Bogoriella pachytheca

Scientific classification
- Kingdom: Fungi
- Division: Ascomycota
- Class: Dothideomycetes
- Order: Trypetheliales
- Family: Trypetheliaceae
- Genus: Bogoriella
- Species: B. pachytheca
- Binomial name: Bogoriella pachytheca (Sacc., Syd. & P.Syd.) Aptroot & Lücking (2016)
- Synonyms: Didymosphaeria pachytheca Sacc., Syd. & P.Syd. (1901); Mycomicrothelia pachytheca (Sacc., Syd. & P.Syd.) Aptroot (1995);

= Bogoriella pachytheca =

- Authority: (Sacc., Syd. & P.Syd.) Aptroot & Lücking (2016)
- Synonyms: Didymosphaeria pachytheca , Mycomicrothelia pachytheca

Species of lichen

Bogoriella pachytheca is a species of corticolous (bark-dwelling) crustose lichen in the family Trypetheliaceae. This inconspicuous neotropical lichen has a thallus that is often barely visible and produces small, solitary, cone-shaped dark fruiting bodies with apical openings. It is currently known only from Brazil, where it was originally collected on São Francisco do Sul, and appears to have a restricted distribution within the neotropics.

==Taxonomy==

Bogoriella pachytheca was first described in 1900 by Pier Andrea Saccardo, Hans Sydow, and Paul Sydow as Didymosphaeria pachytheca, based on material collected in Brazil on São Francisco do Sul. In 1995, André Aptroot transferred the species to the genus Mycomicrothelia. It was later reclassified in Bogoriella by Aptroot and Robert Lücking in 2016, where it is currently recognised as Bogoriella pachytheca.
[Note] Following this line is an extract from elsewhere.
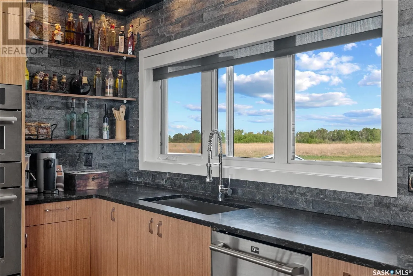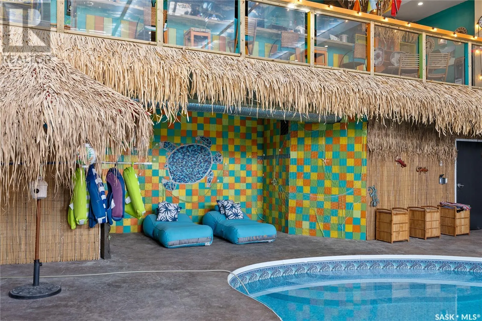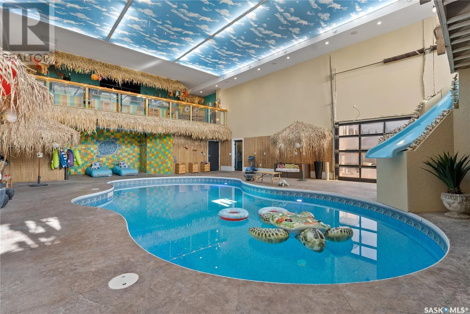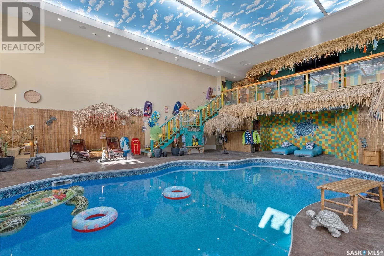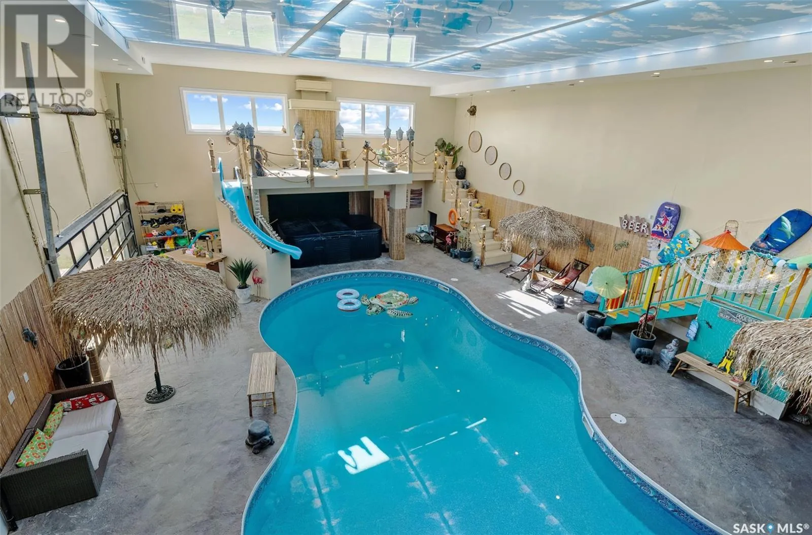 EXTRAORDINARY GATED ESTATE â WALKOUT BUNGALOW WITH ATTACHED INDOOR RESORT-STYLE POOL COMPLEX Prepare to be amazed by this 2,583 sq ft walkout bungalow on 5 GATED acres minutes east on Bergheim Road (Mission Ridge). With pavement to the door, stately iron gates, and an impressive asphalt drive, this property welcomes you with curated luxury. A custom modern interior fountain sets the tone for whatâs to come. The main floor boasts a spectacular layout, including a dream kitchen, grand living and dining areas, den, 3 beds, 3 baths, laundry room, and an incredible primary suite. The kitchen features: ⢠Commercial glass-front cooler ⢠Viking and JennAir prof appliances ⢠Gas cooktop, double wall ovens ⢠Tall ceilings w/clerestory windows ⢠Stone backsplash, full-height cabinetry ⢠Large peninsula eating bar The great room stuns with a stone wall and a linear gas fireplace, 2 lounge areas, deck access. The expansive primary suite offers a spa-like experience with an extensively tiled ensuite, inset tub, oversized walk-in shower, dual vanities, and huge walk-in. Downstairs, enjoy 2,500 sq ft of finished space: ⢠3 more bedrooms, 2 full bathrooms ⢠Family+games room ⢠Professional ultimate theatre and gym AND THEN THEREâS THE RESORT⦠An attached 2,000 sq ft indoor pool complex with soaring ceilings, a saltwater pool w/ lights and waterslide, massive hot tub, full bar with 4 TVs, yoga loft, bathroom, hi tech specialized mechanical, glass overhead door to a deck, stamped concrete throughout. Simply paradise â no vacation needed! Outside: 5 scenic acres landscaped/rockscaping, decks and patios with panoramic prairie vistas Additional features:Triple attached garage, Smart home system w/speakers, 12-camera security, 400 amp service, interior by Atmosphere Design, auto blinds, tall ceilings w/clerestory windows, Forced air + boiler, in-floor heat garage and lower level. This home is unmatched in design and lifestyle. Floor plans in supplements. (id:27476)

The holotype specimen, collected by Ernst Ule (no. 403), is preserved in the herbarium at Stockholm (S).

==Description==

Bogoriella pachytheca has a thallus that is indistinct and often barely visible. Its fruiting bodies (ascomata) are solitary, conical in shape, and measure 0.2–0.4 mm in diameter, each with an apical opening. The ascospores are about 21–22 micrometres (μm) long and 8 μm wide, brown and finely warty, with rounded upper ends and tapered lower ends. No pycnidia have been observed. Both the thallus and ascomata are negative in standard chemical spot tests (UV and K), and thin-layer chromatography has not revealed any detectable secondary metabolites.

==Distribution==

Bogoriella pachytheca has a neotropical distribution, having been reported from Brazil.